Make no mistake, these new practices are just ISPs sticking a toe in the water. Without an agency with the authority to investigate and punish unfair or discriminatory practices, ISPs will continue taking bolder and more blatantly anti-consumer steps. That is why we have fought over the past year to restore net neutrality rules and put a cop back on the ISP beat. In May, the U.S. Senate passed a bipartisan bill restoring net neutrality rules. Despite the support of a bipartisan majority of Americans, the Republican leadership of the U.S. House of Representatives refused our efforts to bring the bill to the floor for a vote.
Fortunately, the time is fast coming when the people's voices will be heard.
The editorial closes by arguing that "Large corporations will no longer be able to block progress on this important consumer protection issue."
The world was fine before NN, the world is fine after it, focus on things that matter. Like going outside for once.
Didn’t the Internet come to an end? I was told it was an Internet armageddon, and I wouldn’t be able to post this comment without paying an extra surcharge to Verizon or some other bogeyman. But here I am, paying no such surcharge.
Why do you people still believe whatever ridiculous fear mongering bullshit comes your way?
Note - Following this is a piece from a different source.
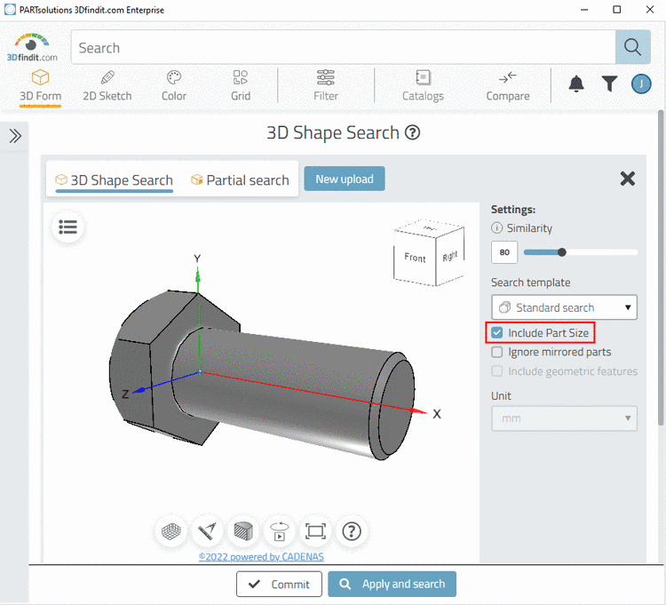 In PARTdesigner, instead of fixed dimensioning values, variables are created, which are filled by concrete values from the characteristic attribute table. This method has the advantage that a new sketch must not be made for each part value (characteristic).
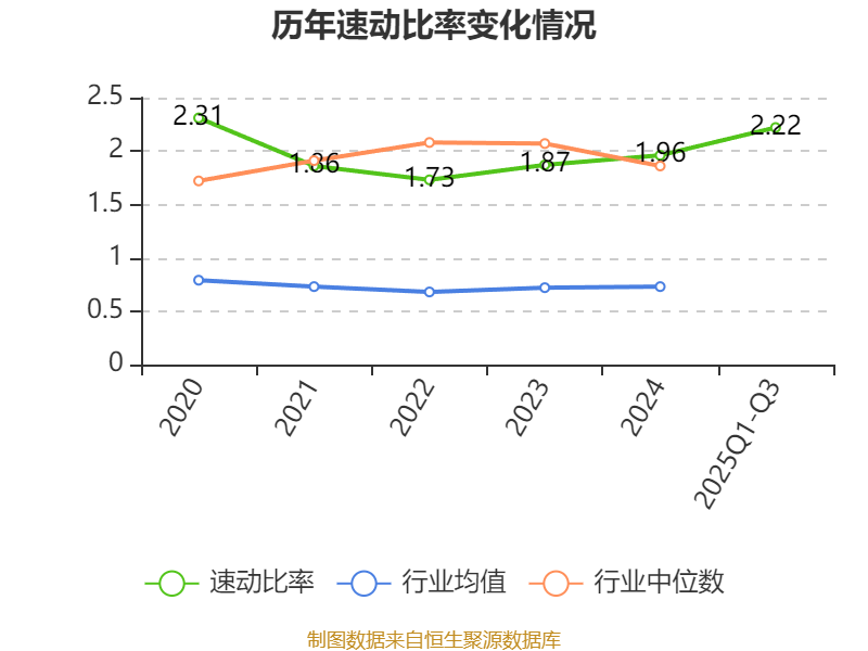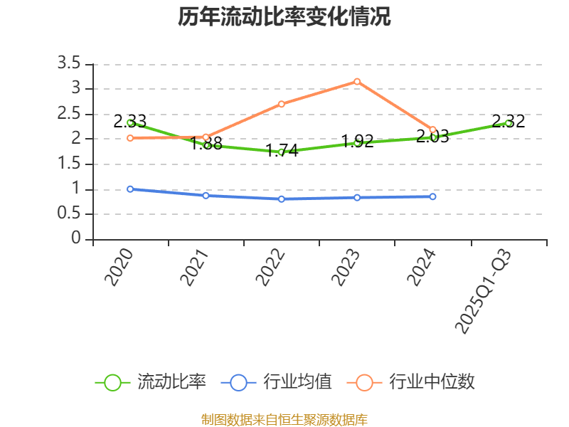 2025年前三季度,公司流动比率为2.32,速动比率为2.22。

Someone really needs to find and drain that personified swamp.
If not, fuck 'em. This is theater. The democrats warn 'The drama continues'. SNAFU
“He’s not deformed, he’s just drunk!”
Meaning the "fight continues to get some more of that lobbyist money to fight the other side". Neither party cares about the people or even knows what NN is.
you were told there would be less competition, increased prices, bad outcomes for rural communities and a general tightening of mega corporation's control of the Internet. All of this is continuing apace nicely. Now, Net Neutrality is only one, albeit substantial, part in all that.
This is what drives me nuts about right wingers. Everything has to be simple, black and white. This is why we can't do anything about climate change. Because the damage not painfully, stupendously obvious.
It's the same folks who will argue, with a straight face and without irony or ill intent, that we can repeal regulations that were put in place to stop a problem because the problem no longer occurs... somehow completely missing the point that the problem stopped occurring because we put regulations in place to prevent it.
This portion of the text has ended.